Interesting with Iron Council, people seem to really like it or not enjoy it. I'm in the not enjoy it camp; just couldn't get into it.

I agree you need to persist with Perdido, such a great novel, and I's rate the Scar even better.

His latest, Railsea, is also really good and a bit of a return to form - I thought Kraken and Embassytown were a bit average.

**edit** I also recently read The Martian by Andy Weir, about an astronaut stranded on Mars. Great book, strongly recommended if this sounds like your thing.
 
I liked Iron Council for its handling of political themes. It's a Marxist book in many ways, but Mièville expresses those ideas without sacrificing his aesthetic integrity and conceptual weirdness.

I actually wasn't a fan of Railsea! I love Embassytown, and I enjoyed Kraken; but I felt that the latter was Mièville just kind of goofing around, to be honest.

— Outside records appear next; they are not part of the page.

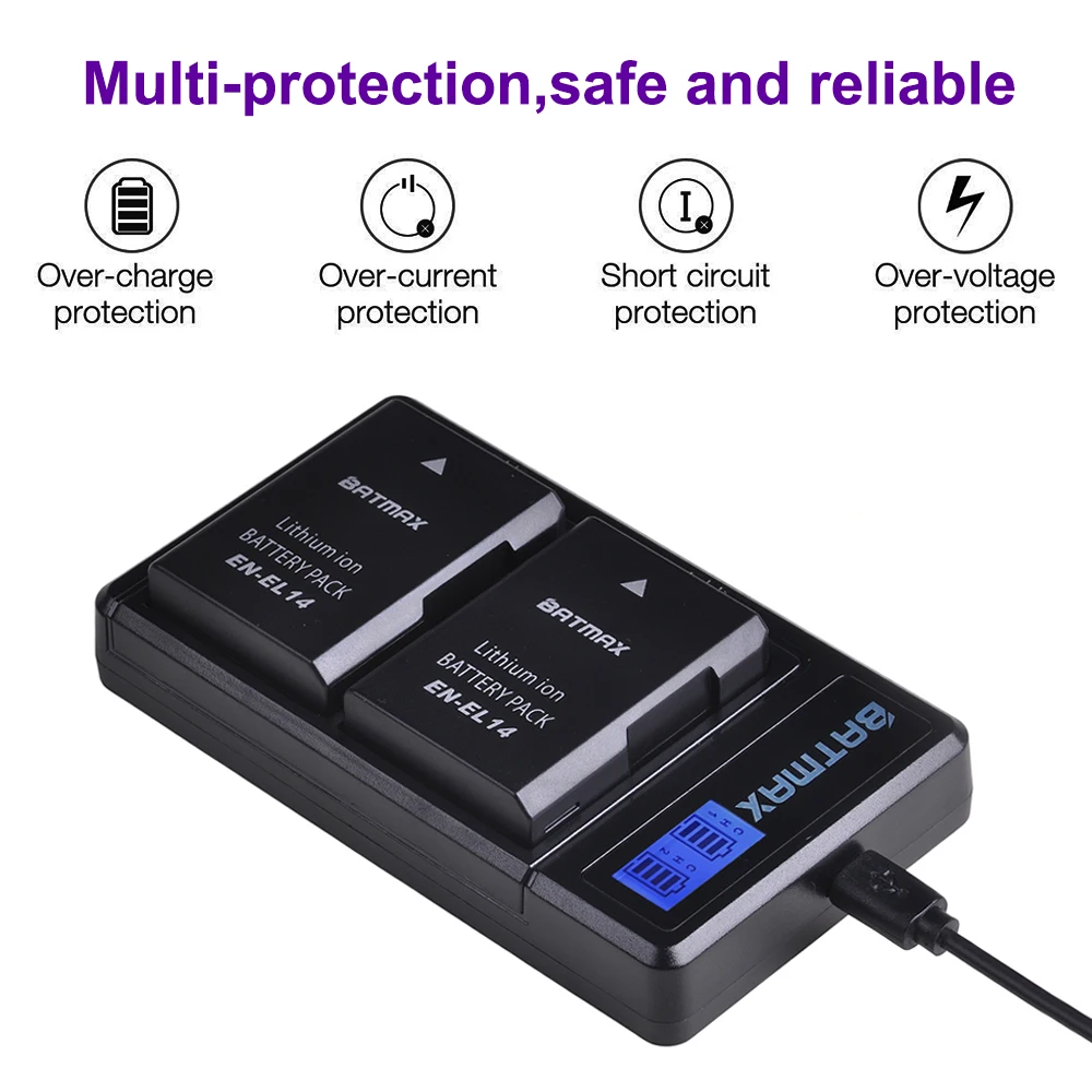 Batmax EN-EL14 EN-EL14A EL14 Батарея + ЖК-дисплей USB Dual Зарядное...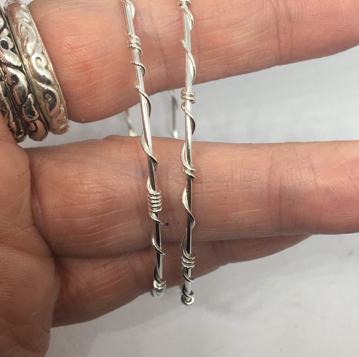 These entangled hoops come in several sizes. They are made from 1mm silver wire that is slightly thicker than the normal 0.8mm ear wire but should be ok for established holes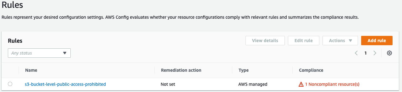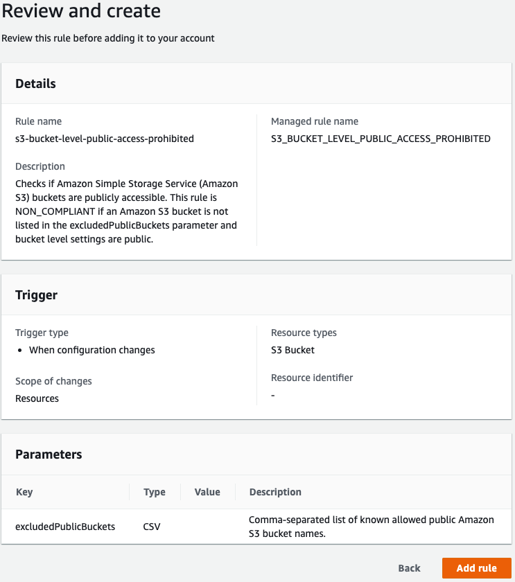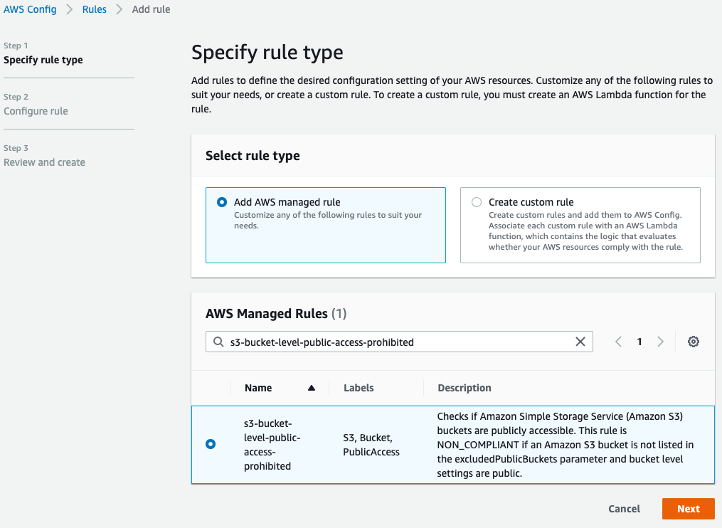 Passo 2: Clique em Add rule para adicionar uma regra gerenciada pela AWS. Para essa análise de conformidade, utilizaremos a regra gerenciada chamada s3-bucket-level-public-access-prohibited.

I totally agree with you though, it seems as though people are drawn to several different texts by him. He appeals to various audiences via the distinctions between his books.
 
But what is this "you"? As I claimed at the outset, we will never have a truly satisfying comprehensive theory of the human mind if we don't dissolve the core of the problem. If we want everything to fall into place - if we want to understand the big picture - then this is the challenge. Why is consciousness subjective? The most important question I seek to answer is why a conscious world-model almost invariably has a center: a me, an Ego, an experiencing self. What exactly is the self that has the rubber-hand illusion? What exactly is it that apparently leaves the physical body in an out-of-body experience? What exactly is it that is reading these lines right now?

From Thomas Metzinger's The Ego Tunnel: the Science of the Mind and the Myth of the Self.
 
Picked this bad boy up a few weeks back and finally cracked it open yesterday. One of the greatest comic book runs of all time ... it will always hold a special place in my heart.

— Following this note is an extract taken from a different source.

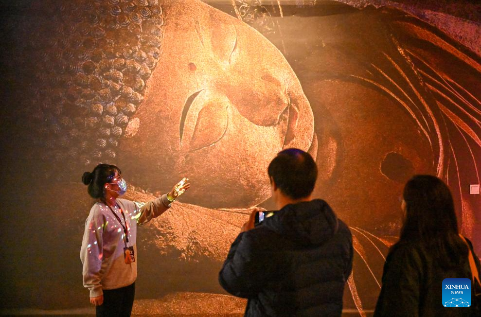A guide introduces an exhibit at an exhibition themed on Dunhuang culture at the Tianjin Digital Art Museum in Tianjin, north China, Nov. 28, 2023. The exhibition will last until March 2024. (Xinhua/Sun Fanyue)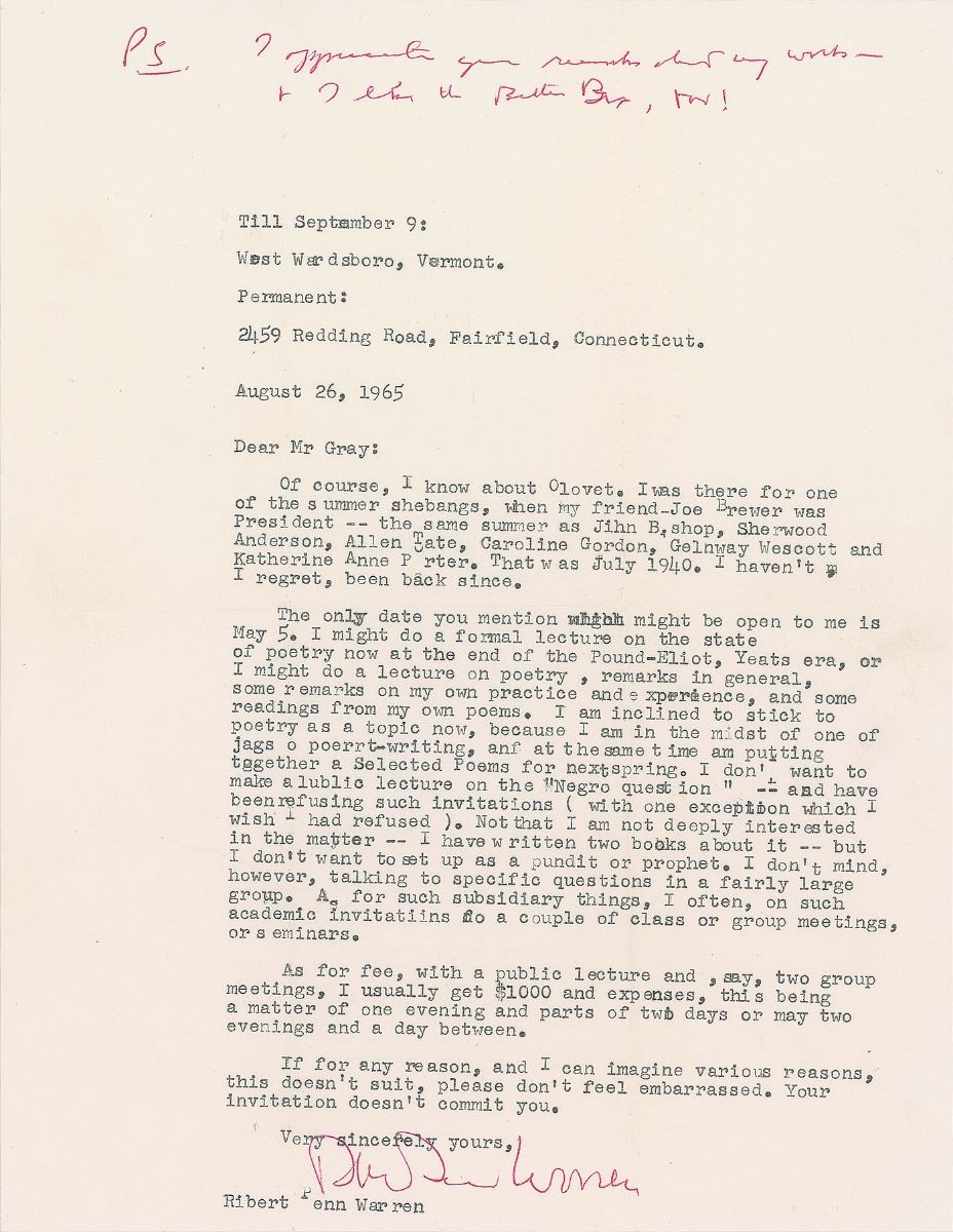 TLS, one page, 8.5 x 11, August 26, 1965. Letter to a professor at Olivet College in Michigan. In part (spelling and grammar retained): “Of course, I know about Olovet. I was there for one of the summer shebangs, when my friend Joe Brewer was President—the same summer as Jihn Bishop, Sherwood Anderson, Allen Tate, Caroline Gordon, Gelnway Wescott and Katherine Anne Porter. That was July 1940…I might do a formal lecture on the state of poetry now at the end of the Pound-Eliot, Yeats era, or I might do a lecture on poetry, remarks in general, some remarks on my own practice and experience, and some readings from my own poems. I am inclined to stick to poetry…I don’t want to make a lublic lecture on the ‘Negro question.’” He adds a handwritten postscript at the top, in part: “I appreciate your remarks about my work.” In fine condition. Accompanied by the original mailing envelope.

[ame]http://www.amazon.com/Uncanny-X-Men-Omnibus-Volume-Printing/dp/0785185690/ref=sr_1_1?ie=UTF8&qid=1395262683&sr=8-1&keywords=xmen+omnibus[/ame]

XMEO.jpg

Gorgeous oversized artwork.
 
Comic fan i reckon?

yesterday i received a nice parcel containing the Deluxe Hardcover collection of the first twelve issues of the Deathblow series. Apparently he served as an example for Marcus Fenix from Gears Of War.